Data to process START

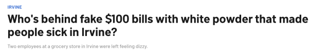 一张看似普通的100美元钞票,却让超市员工当场头晕送医。近日,在南加州华人聚居城市Irvine发生一起令人不安的事件:一家超市内接连发现夹带白色粉末的假钞,两名员工在接触后身体不适,引发警方与消防部门紧急介入调查。
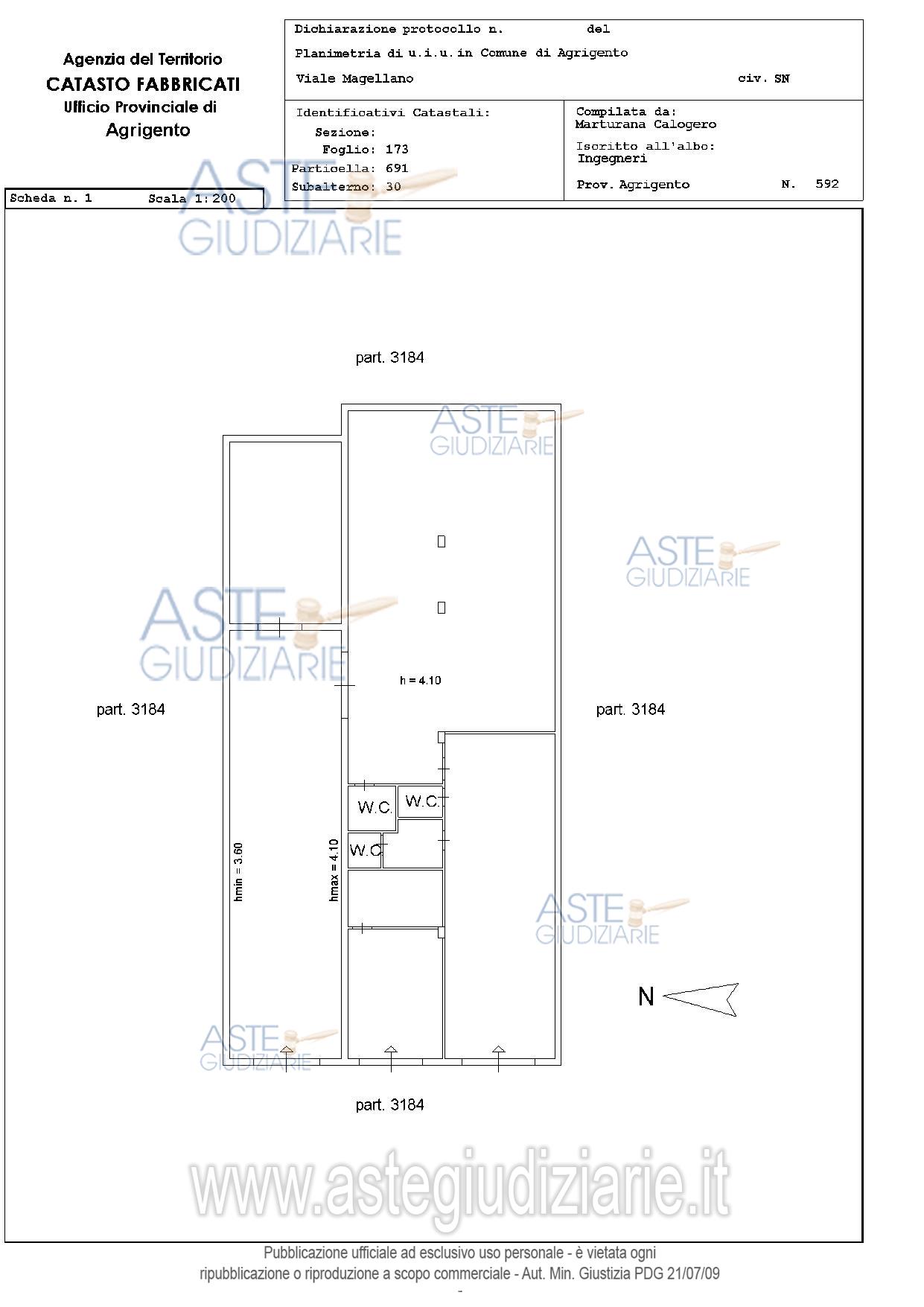 Vendita all'asta Senza incanto, con gara telematica sincrona mista - LOTTO 1: Unità immobiliare sita in Agrigento (AG) via Magellano n. 22, distinta al N.C.E.U. Foglio 173, Part. 1663, Sub 77 (cat. C/2) destinata a “Magazzini e locali di deposito”, posta al piano terra di un maggiore fabbricato condominiale. Prezzo base € 69.187,50 (offerta minima € 51.890,63). Data vendita 04/02/2026 ore 16:30. Professionista delegato alla vendita Avv. Carmen Augello - Email "carmen.augello@gmail.com"; Cell. 3385852370; Tel. 0922854658. Custode Giudiziario Avv. Carmen Augello - Email "carmen.augello@gmail.com"; Cell. 3385852370; Tel. 0922854658. Rif. Tribunale di Agrigento - Esecuzione immobiliare post legge 80 n. 11/2021
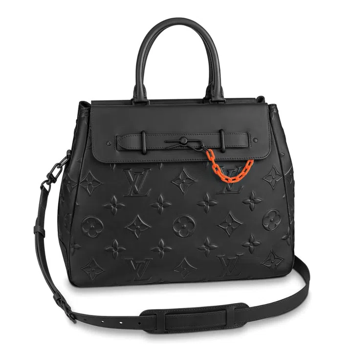 He's also seen with the Ambassadeur satchel from the LV Seal Giant series. The bag is a smaller iteration of an archival design and boasts an S lock detail which takes inspiration from the unbreakable trunk lock developed by Georges Vuitton in 1886.
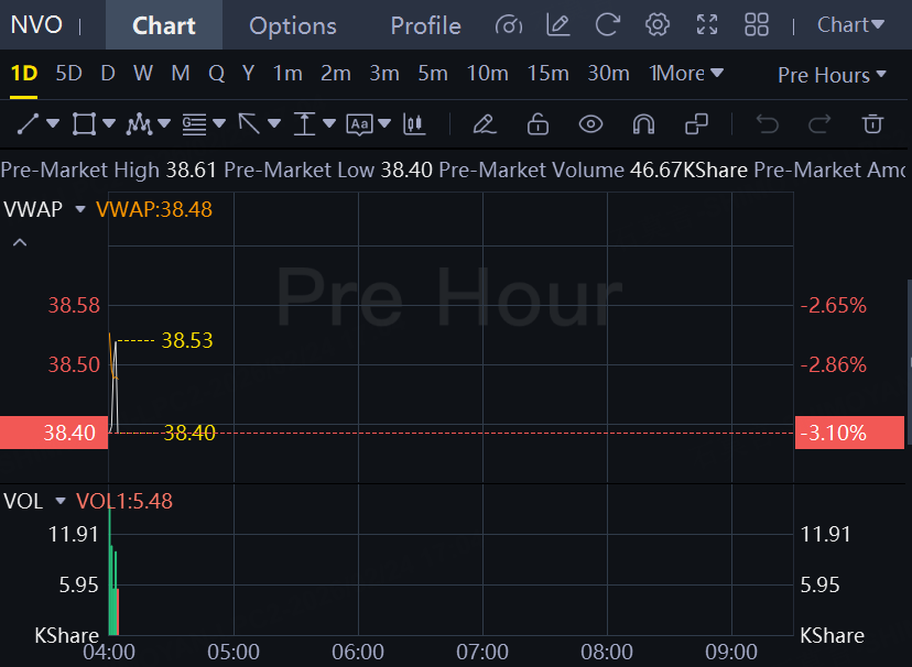 Novo Nordisk shares fell another 3% in premarket trading after closing 16% lower on Monday. Novo Nordisk's miss of a key goal in a late-stage comparison clinical trial of obesity drug CagriSema with Eli Lilly's Zepbound is a blow to the Danish drugmaker's long-term outlook, Citi analysts say.
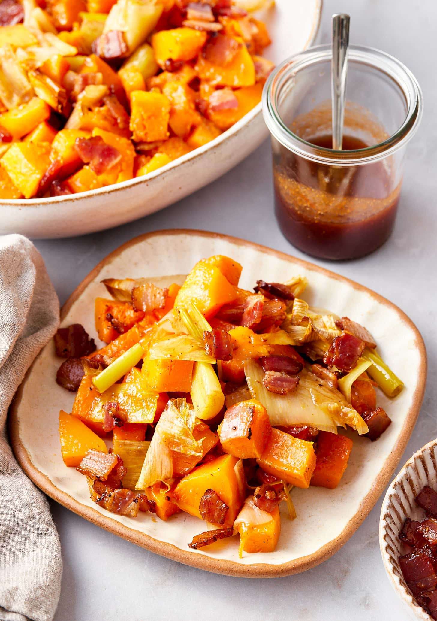 - Place the chopped butternut squash and leeks on the lined baking sheet. Drizzle the bacon grease over the top and toss to coat. Spread the butternut squash and leeks out into a single layer, then sprinkle with salt and pepper and roast in the oven for 30 minutes.
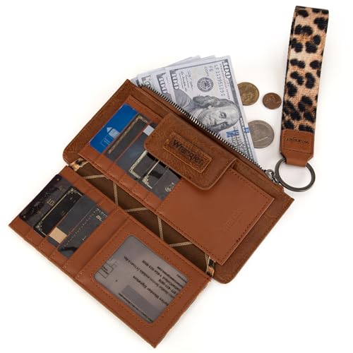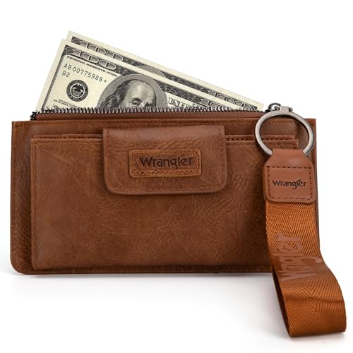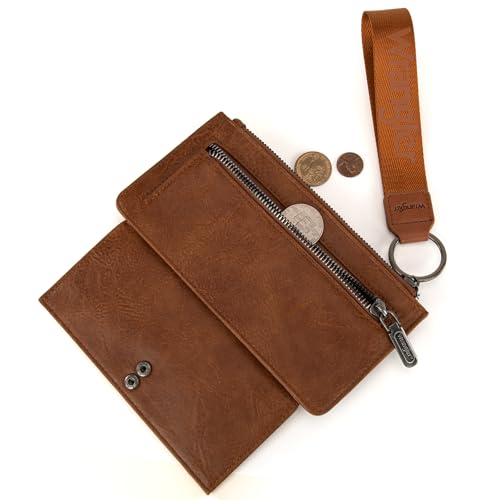 X Wrangler Brown Wristlet Wallet Minimalist Clutch Womens Wallet Rfid Card Cases & Money Organizers with Coin Purse and Smooth Zipper
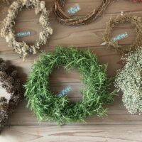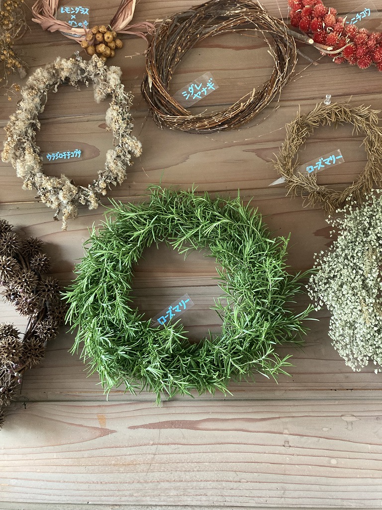 他にも、管理棟ホールの壁に園内で採取した様々な植物のリースを飾っていますので、
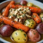 This Garlic Butter Chicken Crockpot recipe is a simple, hands-off dish that delivers tender, flavorful chicken combined with baby red potatoes and carrots. Slow-cooked to perfection in a savory garlic butter sauce infused with Italian seasoning, it makes for a comforting and hearty meal perfect for busy days.
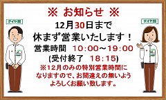 いつもタイヤ館 河内長野のホームページをご覧いただきありがとうございます! タイヤ館 河内長野は12月30日まで通常営業しております!! 営業時間 10:00~19:00 作業受付 18:15まで 12月のみの特別営業時間になりますので、 お間違いのないようよろしくお願いいたします。
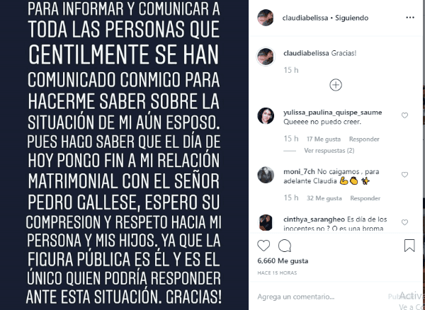 Y cerró: “Hago saber que el día de hoy pongo fin a mi relación matrimonial con el señor Pedro Gallese, espero compresión y respeto hacia mi persona y mis hijos ya que la figura pública es él y es el único quien podría responder ante esta situación”.
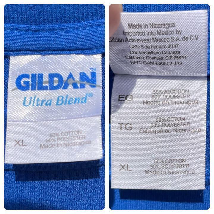 古着らしいブルーに濃いイエロー×ホワイトのプリントというよりはペンキで塗ったようなプリントの入り方のXLサイズ クルーネック Tシャツになります。
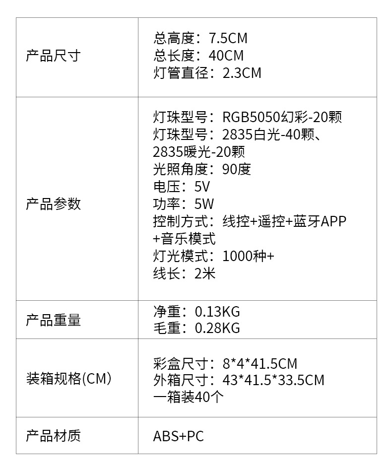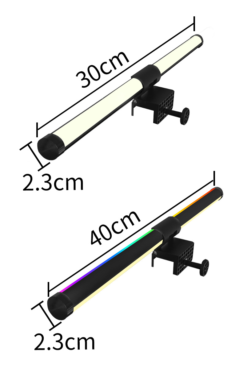 Односторонний трехцветный светильник - 30 см.; Односторонний трехцветный светильник - 45 см.; Двусторонний RGB с эффектом магического цвета + трехцветная подсветка — 40 см
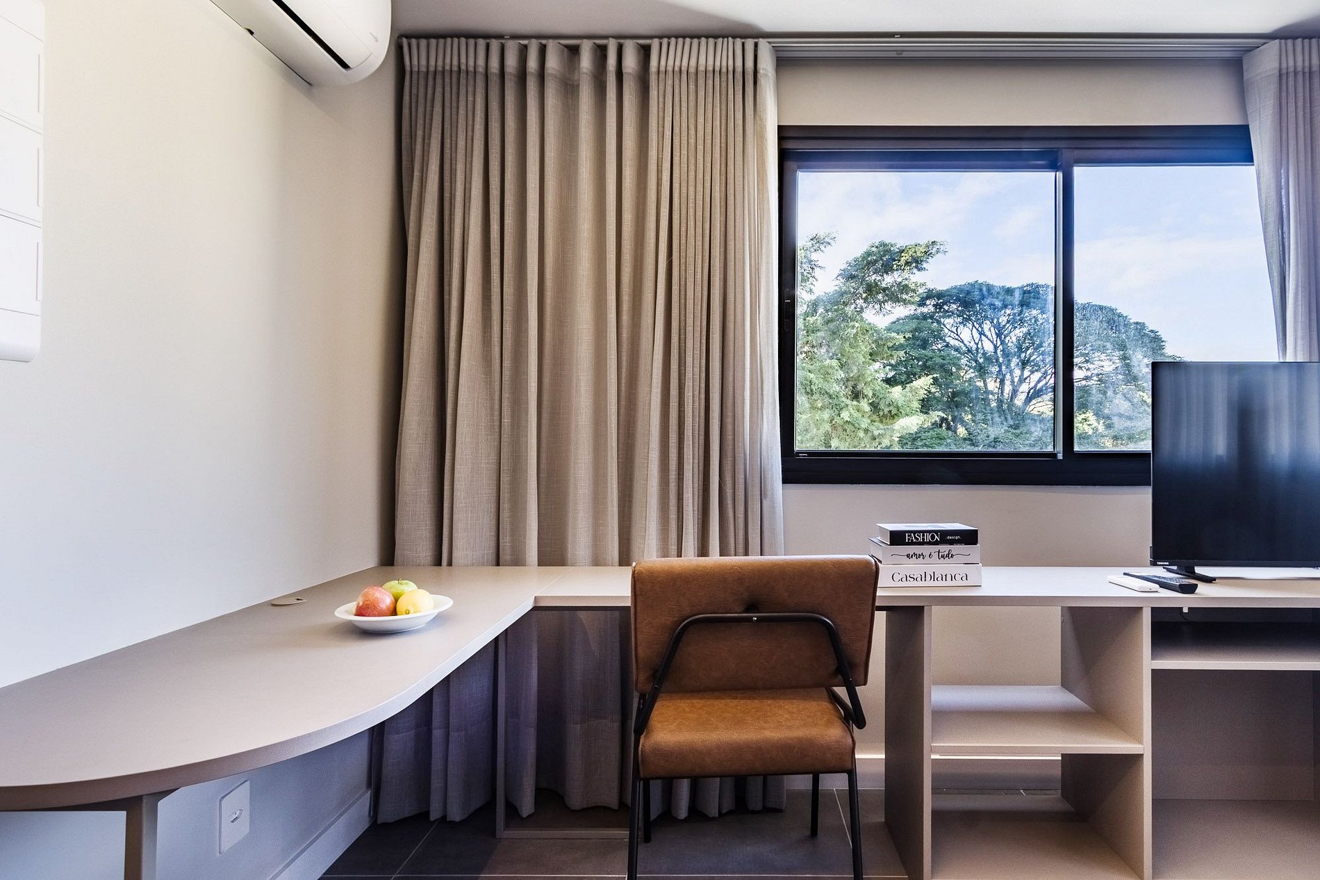 This incredible apartment is located in GO Carlos Gomes, in the Boa Vista neighborhood of Porto Alegre. It is 100% furnished and ready to welcome you for as long as you need, with all housing bills in a single account, with technology and services that can be contracted whenever you want!
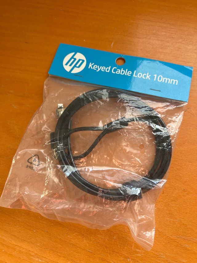Candado de cable HP para ordenador, nuevo y sin usar. - Modelo: Keyed Cable Lock 10mm. - Color: Negro. Recogida en Valencia o El Puig, envios por wallapop
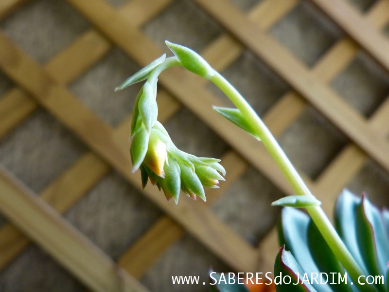 A floração da minha echeveria ocorreu em agosto, mas do início da formação dos pendões até as flores abrirem demorou bastante. Bom momento para praticar a virtude da paciência.

Data to process END

Requirement: Once more, please print the whole listing exactly, omitting each image.

The answer:
 一张看似普通的100美元钞票,却让超市员工当场头晕送医。近日,在南加州华人聚居城市Irvine发生一起令人不安的事件:一家超市内接连发现夹带白色粉末的假钞,两名员工在接触后身体不适,引发警方与消防部门紧急介入调查。
 Vendita all'asta Senza incanto, con gara telematica sincrona mista - LOTTO 1: Unità immobiliare sita in Agrigento (AG) via Magellano n. 22, distinta al N.C.E.U. Foglio 173, Part. 1663, Sub 77 (cat. C/2) destinata a “Magazzini e locali di deposito”, posta al piano terra di un maggiore fabbricato condominiale. Prezzo base € 69.187,50 (offerta minima € 51.890,63). Data vendita 04/02/2026 ore 16:30. Professionista delegato alla vendita Avv. Carmen Augello - Email "carmen.augello@gmail.com"; Cell. 3385852370; Tel. 0922854658. Custode Giudiziario Avv. Carmen Augello - Email "carmen.augello@gmail.com"; Cell. 3385852370; Tel. 0922854658. Rif. Tribunale di Agrigento - Esecuzione immobiliare post legge 80 n. 11/2021
 He's also seen with the Ambassadeur satchel from the LV Seal Giant series. The bag is a smaller iteration of an archival design and boasts an S lock detail which takes inspiration from the unbreakable trunk lock developed by Georges Vuitton in 1886.
 Novo Nordisk shares fell another 3% in premarket trading after closing 16% lower on Monday. Novo Nordisk's miss of a key goal in a late-stage comparison clinical trial of obesity drug CagriSema with Eli Lilly's Zepbound is a blow to the Danish drugmaker's long-term outlook, Citi analysts say.
 - Place the chopped butternut squash and leeks on the lined baking sheet. Drizzle the bacon grease over the top and toss to coat. Spread the butternut squash and leeks out into a single layer, then sprinkle with salt and pepper and roast in the oven for 30 minutes.
 X Wrangler Brown Wristlet Wallet Minimalist Clutch Womens Wallet Rfid Card Cases & Money Organizers with Coin Purse and Smooth Zipper
 他にも、管理棟ホールの壁に園内で採取した様々な植物のリースを飾っていますので、
 This Garlic Butter Chicken Crockpot recipe is a simple, hands-off dish that delivers tender, flavorful chicken combined with baby red potatoes and carrots. Slow-cooked to perfection in a savory garlic butter sauce infused with Italian seasoning, it makes for a comforting and hearty meal perfect for busy days.
 いつもタイヤ館 河内長野のホームページをご覧いただきありがとうございます! タイヤ館 河内長野は12月30日まで通常営業しております!! 営業時間 10:00~19:00 作業受付 18:15まで 12月のみの特別営業時間になりますので、 お間違いのないようよろしくお願いいたします。
 Y cerró: “Hago saber que el día de hoy pongo fin a mi relación matrimonial con el señor Pedro Gallese, espero compresión y respeto hacia mi persona y mis hijos ya que la figura pública es él y es el único quien podría responder ante esta situación”.
 古着らしいブルーに濃いイエロー×ホワイトのプリントというよりはペンキで塗ったようなプリントの入り方のXLサイズ クルーネック Tシャツになります。
 Односторонний трехцветный светильник - 30 см.; Односторонний трехцветный светильник - 45 см.; Двусторонний RGB с эффектом магического цвета + трехцветная подсветка — 40 см
 This incredible apartment is located in GO Carlos Gomes, in the Boa Vista neighborhood of Porto Alegre. It is 100% furnished and ready to welcome you for as long as you need, with all housing bills in a single account, with technology and services that can be contracted whenever you want!
Candado de cable HP para ordenador, nuevo y sin usar. - Modelo: Keyed Cable Lock 10mm. - Color: Negro. Recogida en Valencia o El Puig, envios por wallapop
 A floração da minha echeveria ocorreu em agosto, mas do início da formação dos pendões até as flores abrirem demorou bastante. Bom momento para praticar a virtude da paciência.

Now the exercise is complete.